──────── Records to process

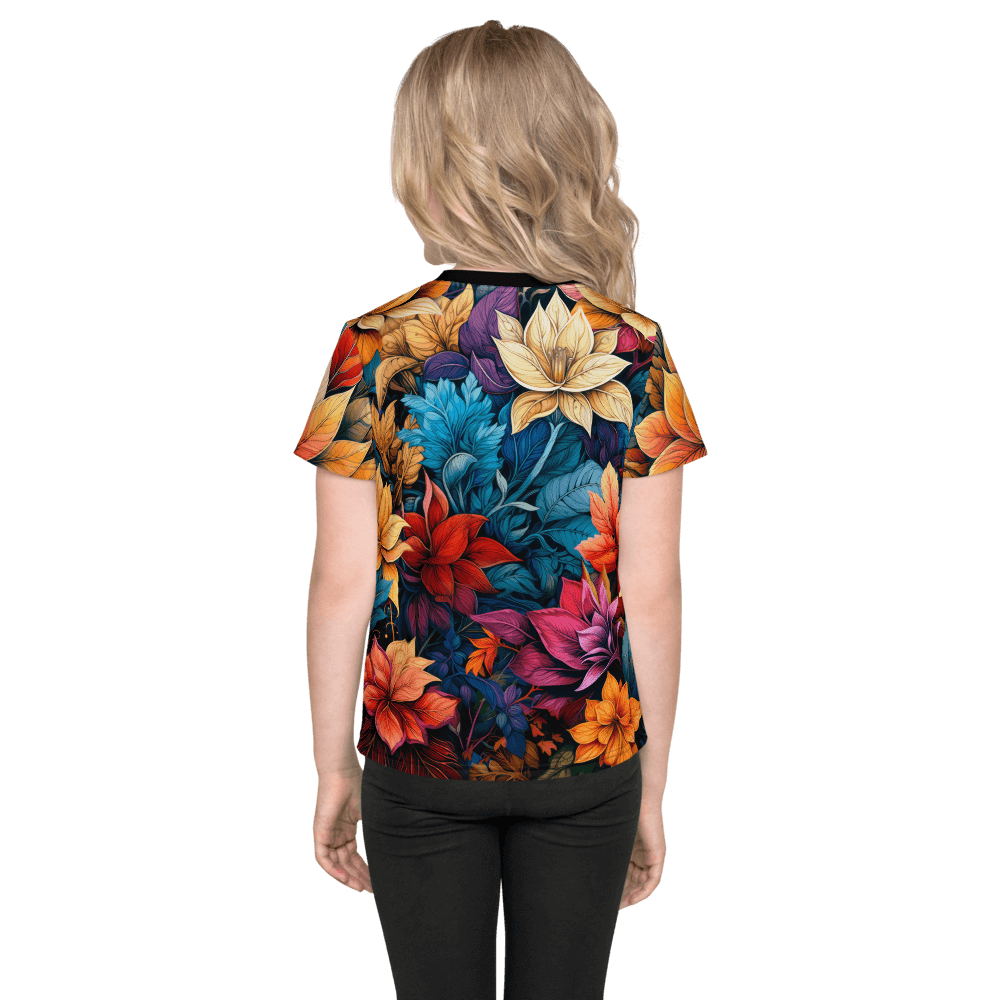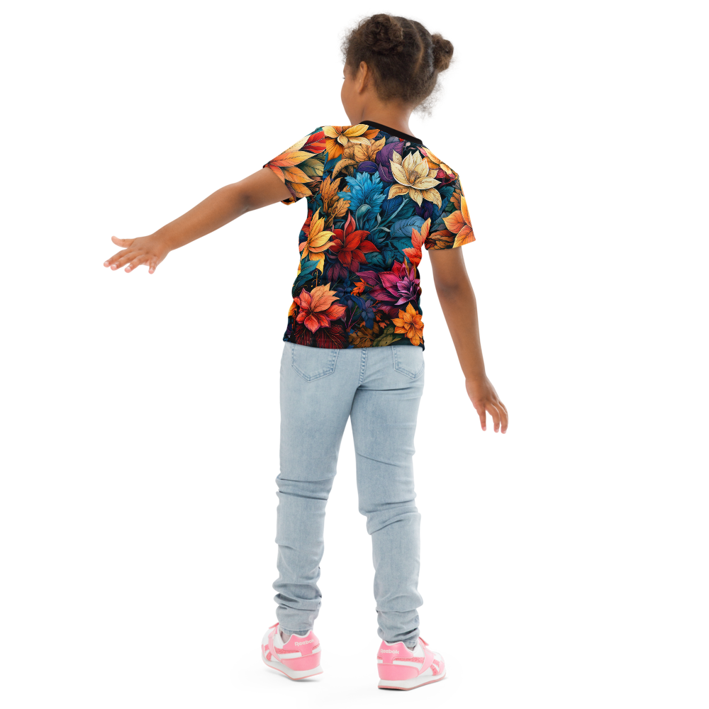 Embrace the beauty of fall with our Autumn Leaves t-shirt. This vibrant design showcases a colourful array of leaves and flowers, capturing the season's warm, enchanting essence.
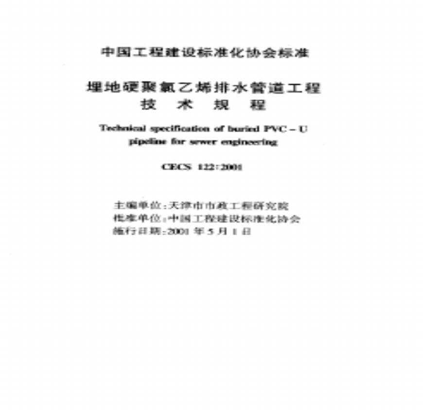 CECS122-2001 埋地硬聚氯乙烯排水管道工程技术规程资料下载,喜欢的朋友可以下载收藏!
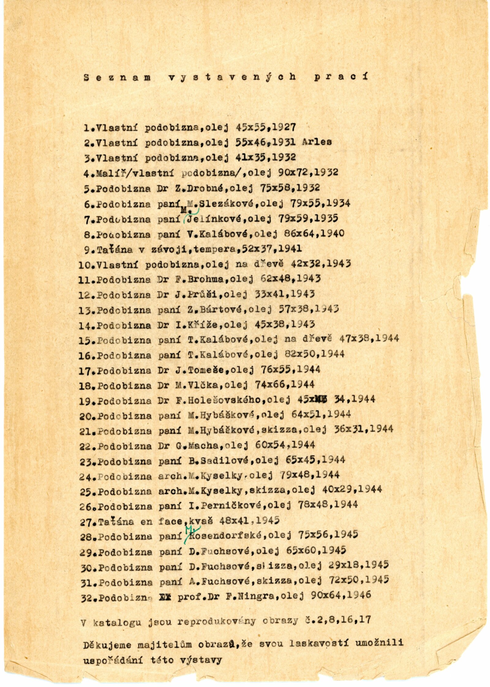 katalog, proslov (Ludvík Kundera, na zahájení výstavy dne 27. 5. 1956), seznam prací, korespondence o zápůjčkách, reversy
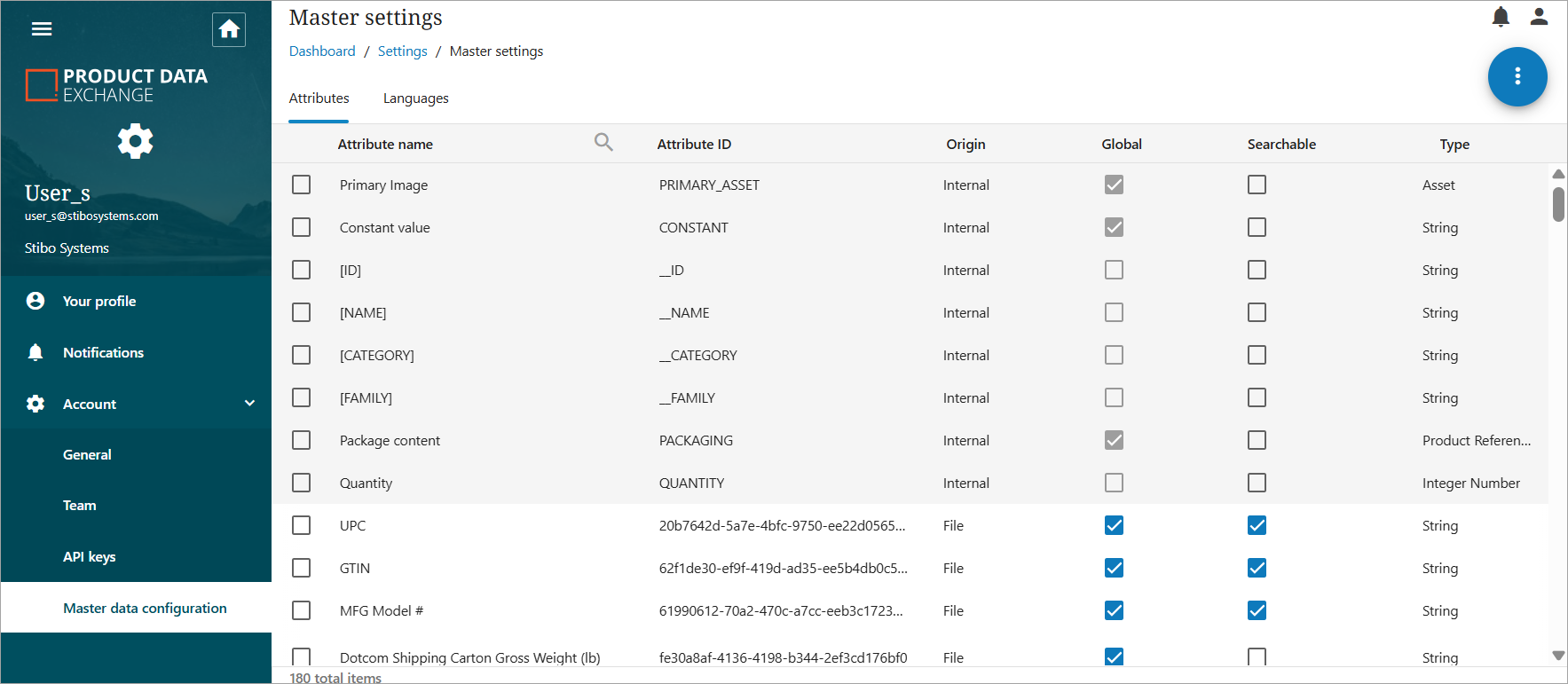 The Master settings section contains attributes that exist in master data. This page provides the following attribute information: attribute name, attribute ID, origin (of the attribute, either internal or file), global and/or searchable status of the attribute, and type (such as integer, reference, or string).
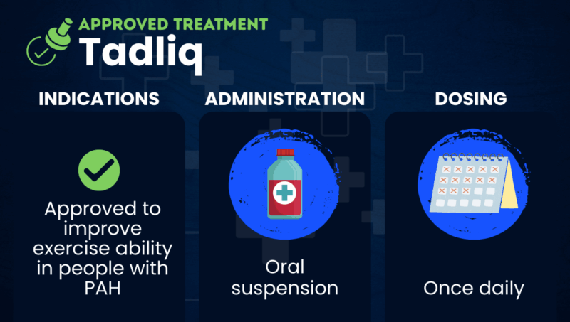 Tadliq is a liquid oral suspension formulation of tadalafil that’s approved in the U.S. to improve exercise ability in people with pulmonary arterial hypertension (PAH).

────────────────

■ Activity
The lines to copy begin at the one containing "CECS122-2001 埋" and end at the last line of the records. Set down exactly those lines and no others, both ends included, and omit all pictures.

■ Expected output
 CECS122-2001 埋地硬聚氯乙烯排水管道工程技术规程资料下载,喜欢的朋友可以下载收藏!
 katalog, proslov (Ludvík Kundera, na zahájení výstavy dne 27. 5. 1956), seznam prací, korespondence o zápůjčkách, reversy
 The Master settings section contains attributes that exist in master data. This page provides the following attribute information: attribute name, attribute ID, origin (of the attribute, either internal or file), global and/or searchable status of the attribute, and type (such as integer, reference, or string).
 Tadliq is a liquid oral suspension formulation of tadalafil that’s approved in the U.S. to improve exercise ability in people with pulmonary arterial hypertension (PAH).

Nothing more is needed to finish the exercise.